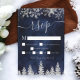 Time to celebrate your winter wonderland wedding theme with this luxury silver glitter snowflakes sparkles and silver glitter pine tree forest on an elegant festive navy blue watercolor background, featuring a modern cool script font typography. Perfect rsvp card for your winter wonderland wedding.
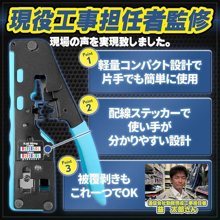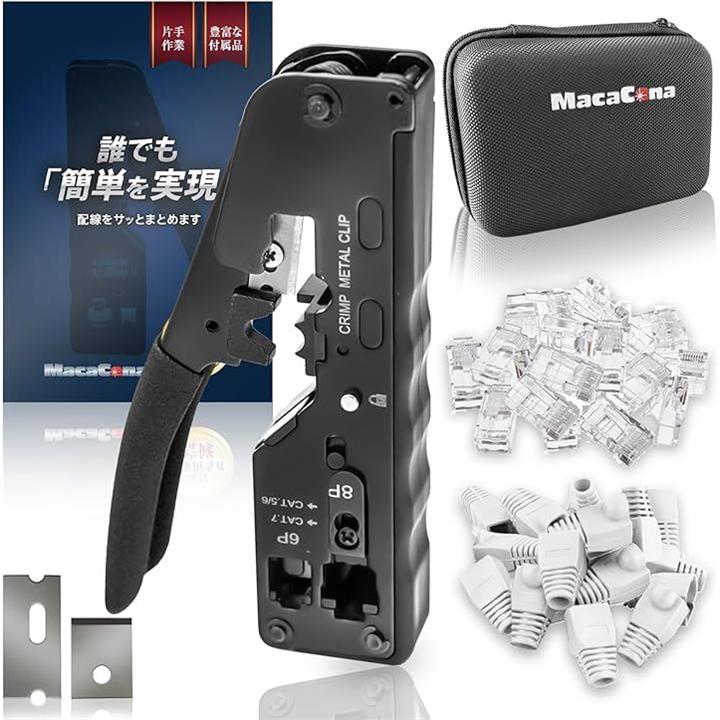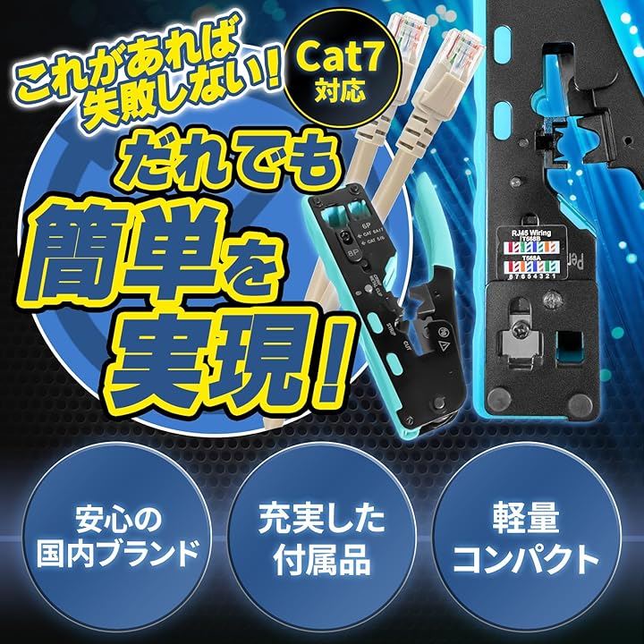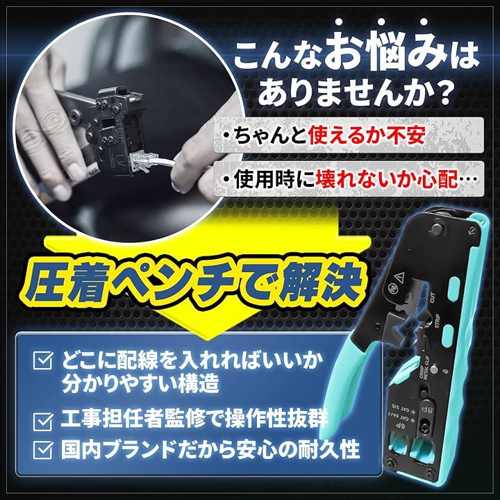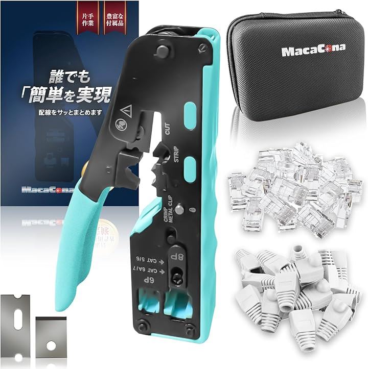 現役工事担任者監修 圧着工具 かしめペンチ LAN ケーブル製作 CAT5e/CAT6/CAT7 RJ45貫通型コネクター付属 RJ12対応 配線図 替刃付き
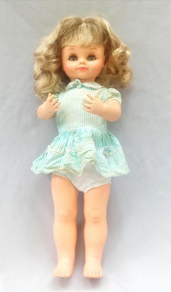 BRINQUEDO, uma (1) boneca, MAESINHA, anos 70, marca ESTRELA, cabeça em biscuit, olhos de vidro com movimento pendular, dispositivo sonoro a corda ...
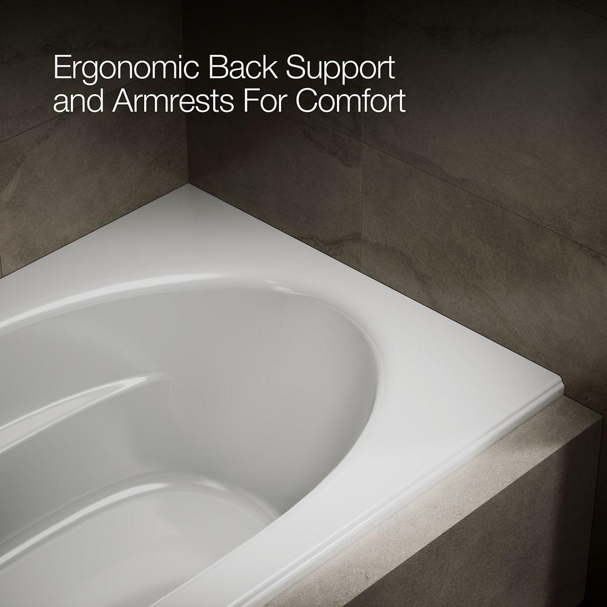 - Integral lumbar support and armrests offer extra comfort while bathing.
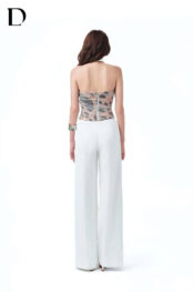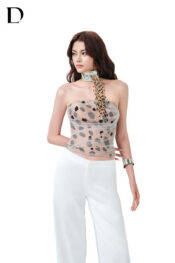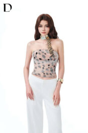 Thiết kế set trên nền lưới và vải vân nổi, gam màu white / beige brown. Cúp ngực corset in hoạ tiết động vật, xử lý draping lưới xếp nếp tạo chiều sâu bề mặt.
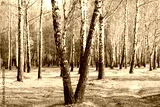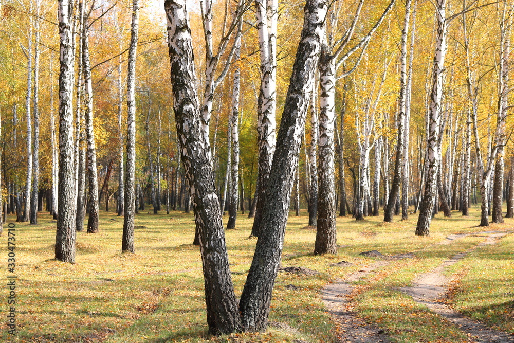 beautiful scene with birches in yellow autumn birch forest in october among other birches in birch grove
--
** WHAT THE TASK ASKS **
Leave out every picture, and repeat word for word only the lines from the one holding "- Integral lumbar" through the end of the entries above, both ends included.

** RESULT **
 - Integral lumbar support and armrests offer extra comfort while bathing.
 Thiết kế set trên nền lưới và vải vân nổi, gam màu white / beige brown. Cúp ngực corset in hoạ tiết động vật, xử lý draping lưới xếp nếp tạo chiều sâu bề mặt.
 beautiful scene with birches in yellow autumn birch forest in october among other birches in birch grove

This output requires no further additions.